Volunteer While Traveling With Your Kids
Volunteer alum Jodi Lipson speaks of her Globe Aware experiences with her family, and find out how you can book your meaningful volunteer vacation.
How to Volunteer While Traveling With Your Kids
Looking for meaningful travel? Volunteering lets you give back and grow as a family.
BY KEN BUDD
JULY 15, 2021
When Jodi Lipson’s daughter was seven, the duo embarked on a mommy-daughter adventure — and no, they didn’t travel to Disneyland. For one week, the pair did maintenance work at a hostel in Peru and helped local schoolchildren learn English. They soon worked on three more projects with volunteer organization Globe Aware in Guatemala, Cambodia, and Costa Rica. The experiences, said Lipson, who works in book publishing in D.C., have expanded the worldview of her now 13-year-old daughter.
“We’ve met so many people,” she said. “We have a whole repertoire of experiences, feelings, and memories.”
As travel-hungry Americans start dusting off their passports, meaningful travel will top many bucket lists—and short-term volunteering should be on your radar.
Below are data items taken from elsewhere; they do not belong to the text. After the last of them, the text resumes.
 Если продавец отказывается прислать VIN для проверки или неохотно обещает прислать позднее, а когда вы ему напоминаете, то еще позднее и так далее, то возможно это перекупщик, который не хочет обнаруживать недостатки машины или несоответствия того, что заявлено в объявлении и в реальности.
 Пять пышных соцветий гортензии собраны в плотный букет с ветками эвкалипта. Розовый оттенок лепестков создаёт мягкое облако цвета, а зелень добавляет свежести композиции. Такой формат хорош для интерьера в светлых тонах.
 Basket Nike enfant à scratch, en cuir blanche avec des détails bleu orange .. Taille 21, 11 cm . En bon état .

Volunteering abroad was ranked number three on a list of most-desired post-pandemic travel opportunities in a recent survey by Go Overseas, a resource site on meaningful travel.
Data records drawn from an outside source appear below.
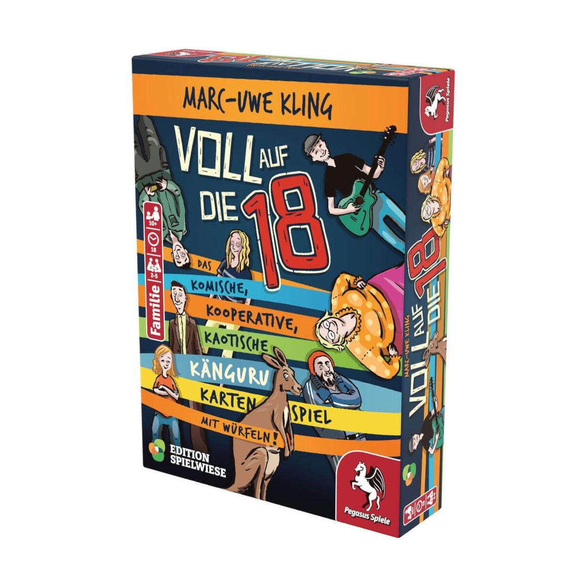 Marc-Uwe Kling ist bekannt als Liedermacher, Kabarettist und Autor. Seinen großen Durchbruch hatte er mit Geschichten rund um ein kommunistisches Känguru, das mit dem Kleinkünstler Marc-Uwe zusammenlebt und dessen Leben gewaltig auf den Kopf stellt. Passend zum zweiten Känguru Chroniken-Film erscheint mit Voll auf die 18 ein komisches, kooperatives und kaotisches Känguru-Kartenspiel mit Würfeln, das zudem auch noch 100 gute Argumente gegen Nazis bietet. Zwei bis fünf Spielende ab zehn Jahren schlüpfen in die Rollen von Känguru, Kleinkünstler*innen oder anderen Mitgliedern des äAsozialen Netzwerks“. Gemeinsam möchten sie Nazis überzeugen, um die Welt ein Stück besser zu machen. Jeder Nazi hat einen individuellen IQ. Die Spielenden müssen Karten mit Argumenten (und Zahlen von 1 bis 6) ausspielen, deren Summe genau dem IQ des jeweiligen Nazis entspricht. Es kann sowohl alleine als auch gemeinsam äargumentiert“ werden. Manche Nazis haben ein Faible für bestimmte Dinge (zum Beispiel Kartenfarben) und bringen weitere Vorgaben ins Spiel. Zudem hat jeder Charakter eigene Ausspielregeln, die eingehalten werden müssen. Das Spiel wird von einer App begleitet, die 18 immer schwerer werdende Level bereithält und gleichzeitig als Timer fungiert, denn in regelmäßigen Abständen tauchen neue Nazis auf. Die Gruppe verliert, wenn sie von Nazis umzingelt wurde. Konnten hingegen alle Nazis innerhalb der Zeit überzeugt werden, gewinnen die Spielenden zusammen. Voll auf die 18 ist ein Herzensprojekt: Der Gewinn aus dem Verkauf des Spiels wird von allen an dem Projekt Beteiligten an Organisationen gespendet, die sich gegen Rassismus engagieren: Opferperspektive e.V., Mobile Beratung gegen Rechtsextremismus Berlin und die Amadeu Antonio Stiftung..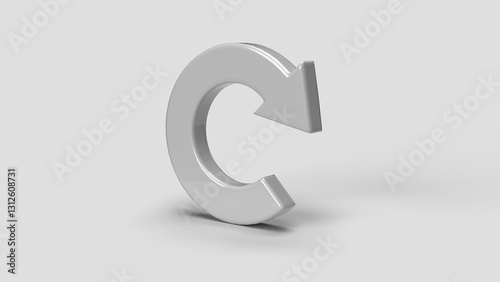 white 3D circular arrow icon on the white backdrop, left view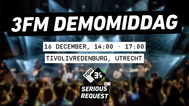 Ben je producer en heb je op je zolderkamer een nummer in elkaar geknutseld? Ben je een rapper en wil je weten wat er voor nodig is om op de radio te komen? Ben je benieuwd wat de beste volgende stap is voor je band? De Serious Request Demomiddag is de beste plek om erachter te komen. Een leger aan muziekprofessionals (waaronder de grootsten van TOPNOTCH, Friendly Fire, Dapper/UNIVERSAL en natuurlijk 3voor12) neemt op zaterdag 16 december in TivoliVredenburg (Utrecht) de tijd om naar je muziek te luisteren en je advies te geven om meer te halen uit je muziekcarriére. Neem hiervoor je muziek mee op een telefoon/laptop. Een echte must voor de beginnende muzikant dus en natuurlijk niet geheel onbelangrijk: je steunt een prachtig doel.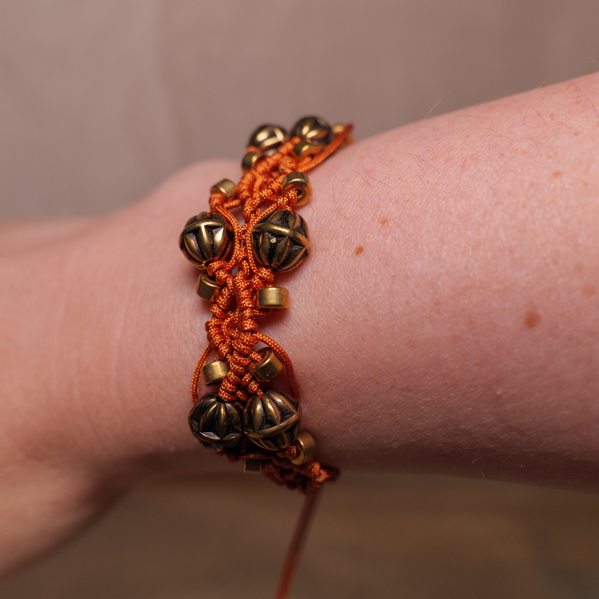Deze armband is met zorg geknoopt in de macramé-techniek, waarbij koperkleurig draad een warme basis vormt voor goudkleurige kralen. Dankzij de verstelbare sluiting past de armband comfortabel om vrijwel elke pols. Het resultaat is een stijlvol en subtiel sieraad dat gemakkelijk combineert met andere accessoires. Doordat er slechts twee exemplaren zijn gemaakt, draag je een uniek sieraad dat in kleine oplage bestaat.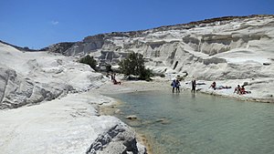 Pláž Sarakiniko je záležitost koupčaská, přírodní (mineralogická), estetická a romanticko historická. Zdejší krajinu zbytečno líčit slovy, když ji ukazují fotky v oddílu alba. Je celá v bílém, v odstínech od čerstvého sněhu přes smetanu po lehký okr nebo světlou šeď. Bývá tam dost lidí, ale naštěstí je tam ticho a občerstvovna je jenom nahoře u konce silnice. Zatím to tu udržují v přírodním prostředí.

For kids, volunteering can reveal a world beyond their screens and fuel a lifelong interest in giving. It also helps families to escape their comfort zone, bond, and immerse themselves in local cultures. Volunteering might even impact your child’s future. A teenage volunteer with Earthwatch, a scientific organization that runs expeditions worldwide, wrote her college essay on her volunteer experience and was admitted to Stanford. She’s now been admitted to several PhD programs in ornithology, which was the focus of her Earthwatch expedition.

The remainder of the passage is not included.